She had spent weeks preparing for the tour, including days of wardrobe fittings with her favorite dressmaker, Hardy Amies. For this trip she had allowed her hatmaker, Frederick Fox, to make a dress. “Freddie was thrilled,” recalled a friend. “He spends months designing the gown, makes it, and goes to the Palace for a fitting. Blue sort of sheath with silver bugle beads on the long sleeves. The Queen loves it. He does the fitting; she looks great. Then she presses a button. An old crone comes crawling in, hauling a box the size of Madagascar. The Queen opens it and removes an amethyst brooch as big as a plate. She lugs out diamonds the size of soup bowls and plops them all on her bosom. The style and creation of the dress is lost under the gargantuan crown jewels. Freddie rips everything off: the bows, the bugle beads, the whole lot. The Queen senses his distress. She says, ‘But that’s what they want to see.’ ” Someone later asked her an abstract question: “What do you think of taste?” The Queen said, “I don’t think it helps.”
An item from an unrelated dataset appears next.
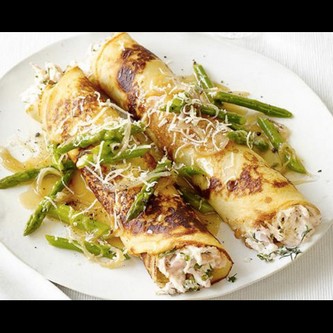 Выложить блинчики на тарелки, сверху дополнить соусом со спаржей и посыпать пармезаном.
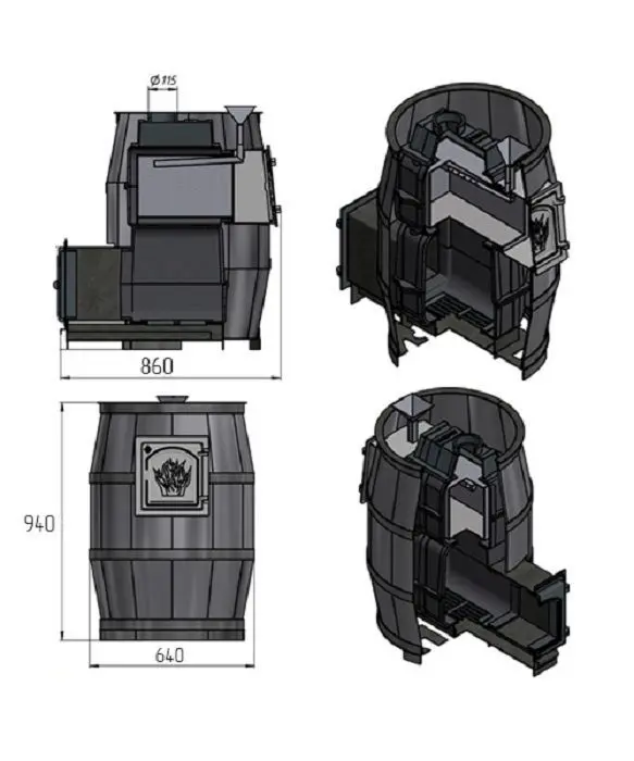 Легенда Русский пар 24» отличается от своей предшественницы дровяных печей для бани «Легенда Ураган» прежде всего наличием закрытой каменки, которая охваченная круговым потоком пламени, в которой камни прогреваются до температуры 600 °С, что позволяет создать в парилке наиболее благоприятный микроклимат, не пересушивая и не перегревая воздух. Вес камней в закрытой каменке - 25-40 кг.

On that trip to Canada, Her Majesty traveled to Quebec with her husband and grudgingly accepted the protection of bulletproof limousines and riot-control policemen. Philip chafed at so much security and, as always, spoke out. The Foreign Office patiently explained the political tensions building among French Canadians and noted that violence had become a terrible reality since the Kennedy assassination a few months before.

“Kennedy wouldn’t have been shot,” snapped Philip, “if it hadn’t been for all the bloody security surrounding him.”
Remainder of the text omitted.